Problem details: In your copy, reproduce each entry exactly and leave out the pictures.

Input material START

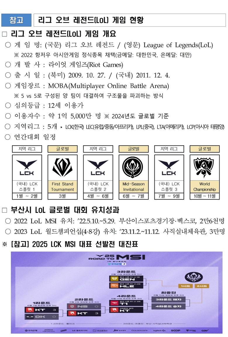 리그 오브 레전드 챔피언스 코리아(LCK)는 매일 약 400만 명이 시청하며, 절반 이상이 해외 시청자일 정도로 글로벌 프리미엄 콘텐츠로 자리매김해 있다. 이번 대회에 국내외 팬들의 관심이 부산으로 집중돼 이스포츠 성지 부산의 입지를 더욱 굳건히 할 것으로 예상된다.
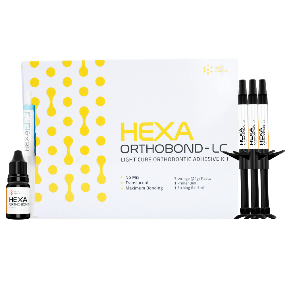 Orthodontic adhesive for orthodontic applications (braces), available in a kit consisting of paste, primer, and etchant. Strong and long-lasting adhesion, a translucent finish after light curing, resulting in a highly aesthetic bond. Medium-flow viscosity keeps brackets in place, and a short curing time.
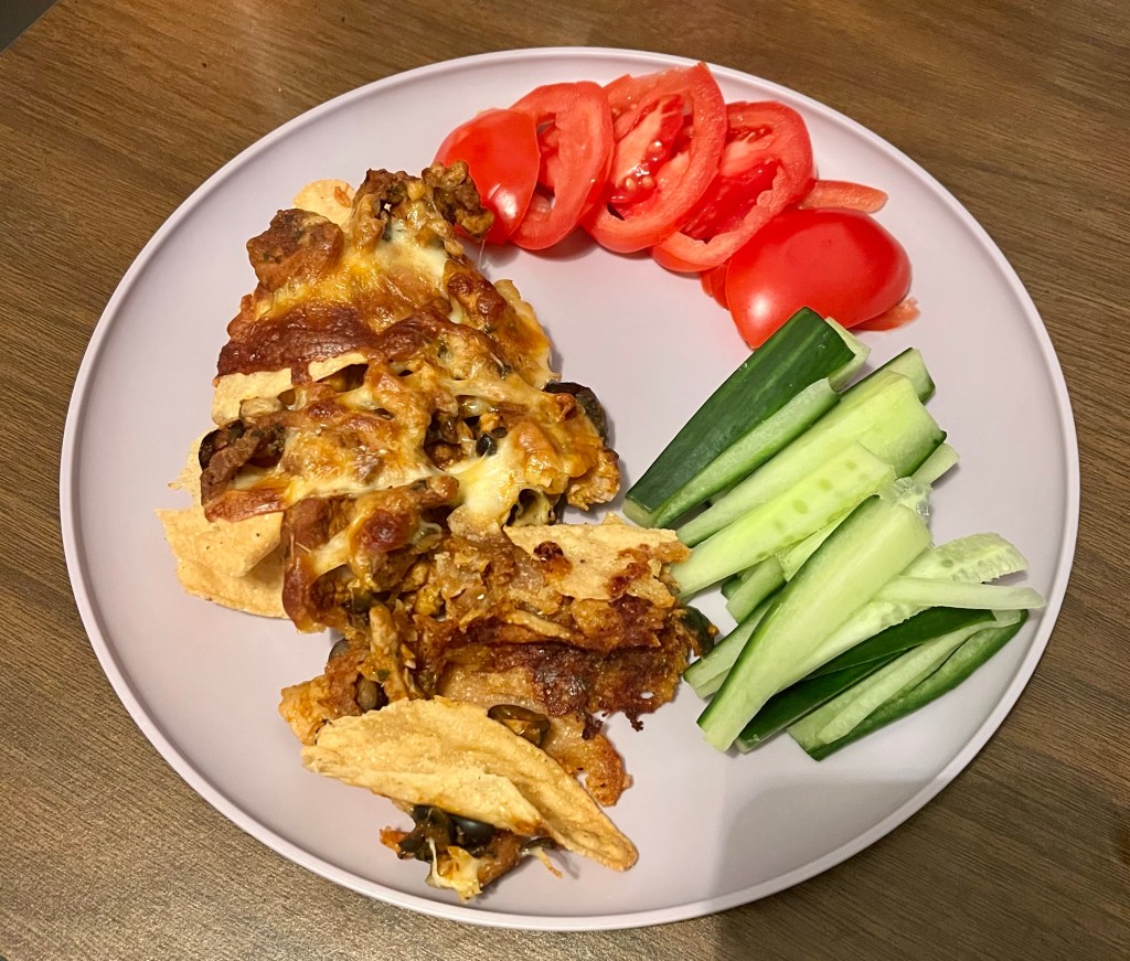 Cover any leftovers with foil or wrap and put into the fridge. Aim to eat them the next day or the day after at the latest. I find the leftovers best served cold but if you want to reheat them try find the time to do it in a low temperature oven, add a little more cheese and keep a careful eye on the chips or they get the bad chewy really quickly.
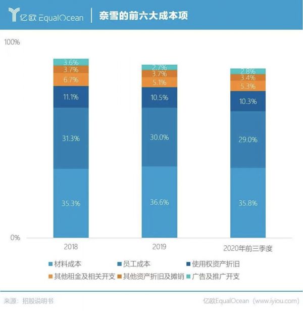 拆解奈雪的成本结构,其材料成本不断上涨,从2018年的35.3%一路上涨至2020年的37.9%,超过总成本的1/3。这由其主打鲜果茶的定位决定,不同于用奶精、果蜜调制成的茶饮,奈雪原料均采用新鲜食材。
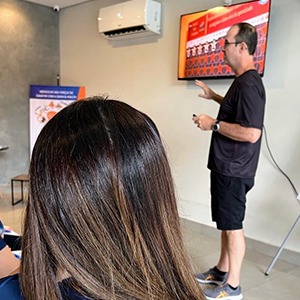 Enquanto isso na recepção, reforçamos com o time de consultoras de vendas os principais processos que sustentam a gestão do relacionamento com o cliente e os processos que permitem a equipe individualizar cada aluno em relação a sua evolução de aprendizagem.
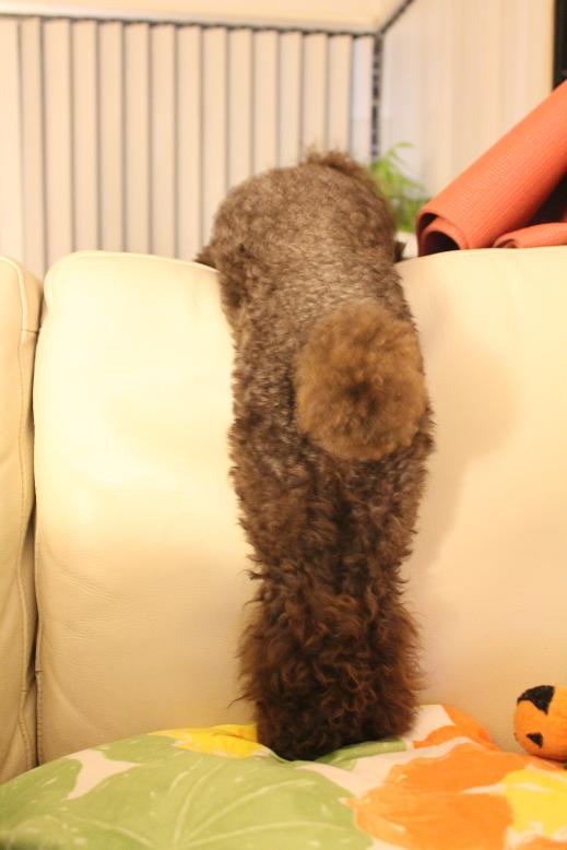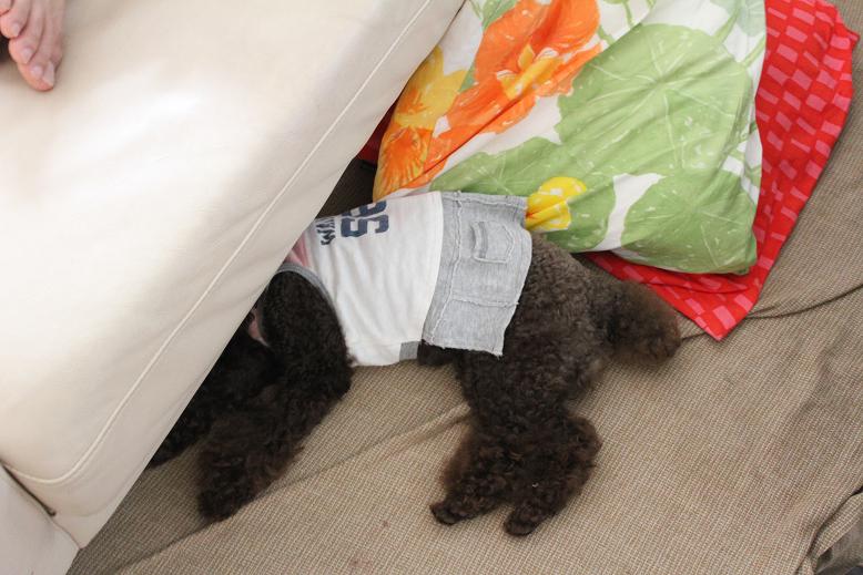 最近のパピコのお気に入りの寝床 ソファーの下に頭だけ入れてお休み中zzz 涼しいのかな?
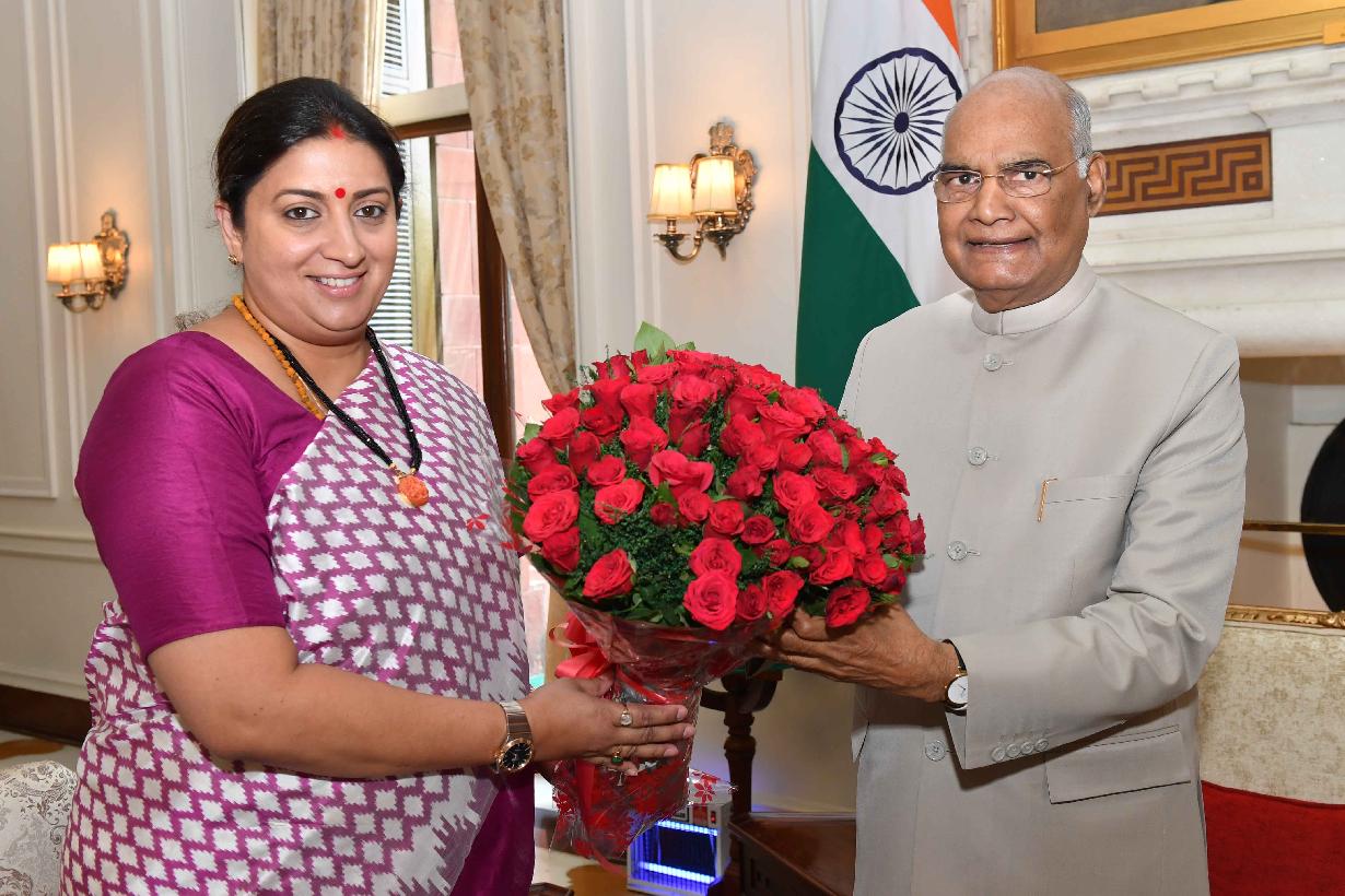 The Minister of Women & Child Development and Textiles, Smt. Smriti Zubin Irani meeting with the President of India, Shri Ram Nath Kovind, at Rashtrapati Bhavan on June 06, 2019.
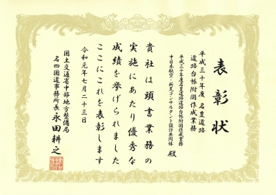 これは、弊社が業務の実施において、その成果および業務への取り組み方が特に優れ、他の模範となる優秀な成績をもって業務を完了したことによるものです。
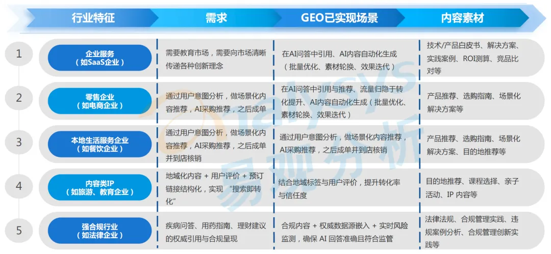 GEO 已在多个行业形成成熟的落地模式,不同行业基于自身特征,形成了差异化的 GEO 应用体系,核心细分行业的落地实践如下:
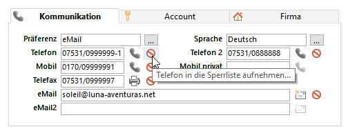 Zusätzlich zum Status eines Kommunikationsfeldes gibt es noch unsere Sperrliste. Es handelt sich dabei um ein "Sicherheitsnetz": Setzen Sie für den Inhalt eines Kommunikationsfeldes den Status "gesperrt", wird dieser zusätzlich auf eine globale Sperrliste in combit CRM gesetzt: Dadurch wird selbst eine unabsichtliche Kontaktaufnahme per E-Mail oder Telefon aus der Software heraus zuverlässig verhindert. Auch dann, wenn z. B. der Status dieser E-Mail-Adresse bei einem anderen Datensatz nicht als "gesperrt" gekennzeichnet wurde.
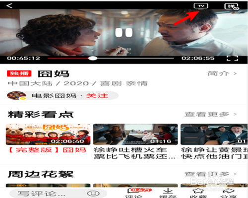 在手机上囧妈播放视频上点击“TV”功能键,视频即可投屏到电视上了。
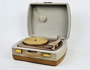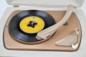 Ein kleiner, handlicher Plattenspieler der in den Jahren 1959/1960 als transportables Gerät im Koffer produziert wurde. Die Stromversorgung erfolgt ausschließlich über 220 Volt. Eine Endstufe ist nicht eingebaut, so dass zum Platten hören entweder ein Kopfhörer oder ein Verstärker erforderlich ist. Es stehen insgesamt vier Geschwindigkeiten zur Verfügung. 16 / 33 / 45 und 78 UpM. Nahezu unbekannt ist die 16er Drehzahl. Sie wurde gebraucht für reine Sprachaufnahmen ohne große Qualitätsansprüche. ( Fernlernkurse, Sprache, Märchenplatten) Die Anschlüsse für Strom und für den Verstärker sind hinter einer Abdeckung auf der Rückseite zugängig. Für ca. 120 € konnte das Gerät erworben werden.
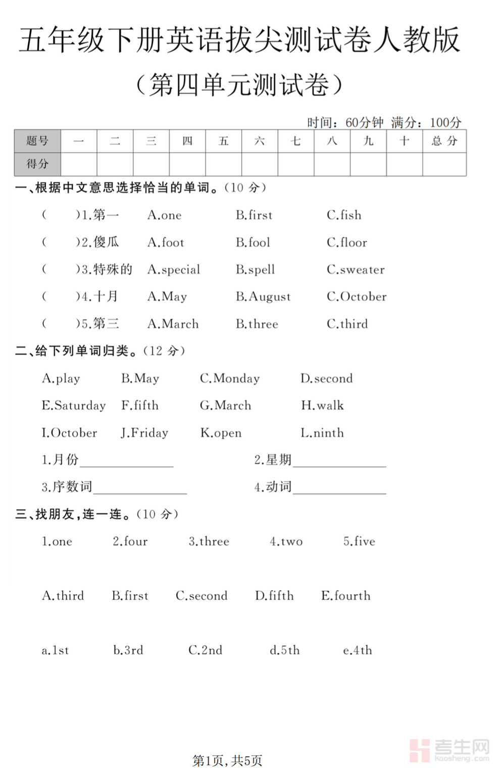 小学英语第四单元拔尖测试卷(人教版)(五年级下)紧扣人教版五年级下册英语第四单元教材知识点,围绕单元核心单词、重点句型、日常交际用语展开命题,全面涵盖听力辨析、单项选择、英汉互译、情景对话、阅读理解、书面表达等常见题型,注重基础夯实、语境运用、易错点突破、拔尖能力拓展。试卷难度梯度合理,贴合小学阶段教学要求与单元检测标准,既能准确检测学生本单元的学习掌握情况,也能帮助学生查漏补缺、强化薄弱环节,适合五年级学生进行单元自测、课后巩固以及考前冲刺练习,有效提升英语综合运用与应试答题能力。请添加微信 18617049513 进专属群,获取更多免费资源!
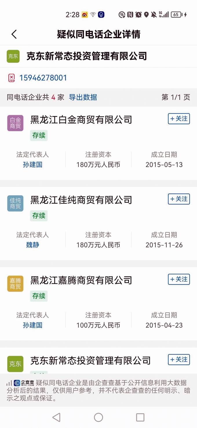 還有,克東新常態與黑龍江佳純的電話均為15946278001(見圖二),同時,克東新常態的監事魏靜系上述黑龍江佳純的法定代表人。

Input material END

Answer for the task:
 리그 오브 레전드 챔피언스 코리아(LCK)는 매일 약 400만 명이 시청하며, 절반 이상이 해외 시청자일 정도로 글로벌 프리미엄 콘텐츠로 자리매김해 있다. 이번 대회에 국내외 팬들의 관심이 부산으로 집중돼 이스포츠 성지 부산의 입지를 더욱 굳건히 할 것으로 예상된다.
 Orthodontic adhesive for orthodontic applications (braces), available in a kit consisting of paste, primer, and etchant. Strong and long-lasting adhesion, a translucent finish after light curing, resulting in a highly aesthetic bond. Medium-flow viscosity keeps brackets in place, and a short curing time.
 Cover any leftovers with foil or wrap and put into the fridge. Aim to eat them the next day or the day after at the latest. I find the leftovers best served cold but if you want to reheat them try find the time to do it in a low temperature oven, add a little more cheese and keep a careful eye on the chips or they get the bad chewy really quickly.
 拆解奈雪的成本结构,其材料成本不断上涨,从2018年的35.3%一路上涨至2020年的37.9%,超过总成本的1/3。这由其主打鲜果茶的定位决定,不同于用奶精、果蜜调制成的茶饮,奈雪原料均采用新鲜食材。
 Enquanto isso na recepção, reforçamos com o time de consultoras de vendas os principais processos que sustentam a gestão do relacionamento com o cliente e os processos que permitem a equipe individualizar cada aluno em relação a sua evolução de aprendizagem.
 最近のパピコのお気に入りの寝床 ソファーの下に頭だけ入れてお休み中zzz 涼しいのかな?
 The Minister of Women & Child Development and Textiles, Smt. Smriti Zubin Irani meeting with the President of India, Shri Ram Nath Kovind, at Rashtrapati Bhavan on June 06, 2019.
 これは、弊社が業務の実施において、その成果および業務への取り組み方が特に優れ、他の模範となる優秀な成績をもって業務を完了したことによるものです。
 GEO 已在多个行业形成成熟的落地模式,不同行业基于自身特征,形成了差异化的 GEO 应用体系,核心细分行业的落地实践如下:
 Zusätzlich zum Status eines Kommunikationsfeldes gibt es noch unsere Sperrliste. Es handelt sich dabei um ein "Sicherheitsnetz": Setzen Sie für den Inhalt eines Kommunikationsfeldes den Status "gesperrt", wird dieser zusätzlich auf eine globale Sperrliste in combit CRM gesetzt: Dadurch wird selbst eine unabsichtliche Kontaktaufnahme per E-Mail oder Telefon aus der Software heraus zuverlässig verhindert. Auch dann, wenn z. B. der Status dieser E-Mail-Adresse bei einem anderen Datensatz nicht als "gesperrt" gekennzeichnet wurde.
 在手机上囧妈播放视频上点击“TV”功能键,视频即可投屏到电视上了。
 Ein kleiner, handlicher Plattenspieler der in den Jahren 1959/1960 als transportables Gerät im Koffer produziert wurde. Die Stromversorgung erfolgt ausschließlich über 220 Volt. Eine Endstufe ist nicht eingebaut, so dass zum Platten hören entweder ein Kopfhörer oder ein Verstärker erforderlich ist. Es stehen insgesamt vier Geschwindigkeiten zur Verfügung. 16 / 33 / 45 und 78 UpM. Nahezu unbekannt ist die 16er Drehzahl. Sie wurde gebraucht für reine Sprachaufnahmen ohne große Qualitätsansprüche. ( Fernlernkurse, Sprache, Märchenplatten) Die Anschlüsse für Strom und für den Verstärker sind hinter einer Abdeckung auf der Rückseite zugängig. Für ca. 120 € konnte das Gerät erworben werden.
 小学英语第四单元拔尖测试卷(人教版)(五年级下)紧扣人教版五年级下册英语第四单元教材知识点,围绕单元核心单词、重点句型、日常交际用语展开命题,全面涵盖听力辨析、单项选择、英汉互译、情景对话、阅读理解、书面表达等常见题型,注重基础夯实、语境运用、易错点突破、拔尖能力拓展。试卷难度梯度合理,贴合小学阶段教学要求与单元检测标准,既能准确检测学生本单元的学习掌握情况,也能帮助学生查漏补缺、强化薄弱环节,适合五年级学生进行单元自测、课后巩固以及考前冲刺练习,有效提升英语综合运用与应试答题能力。请添加微信 18617049513 进专属群,获取更多免费资源!
 還有,克東新常態與黑龍江佳純的電話均為15946278001(見圖二),同時,克東新常態的監事魏靜系上述黑龍江佳純的法定代表人。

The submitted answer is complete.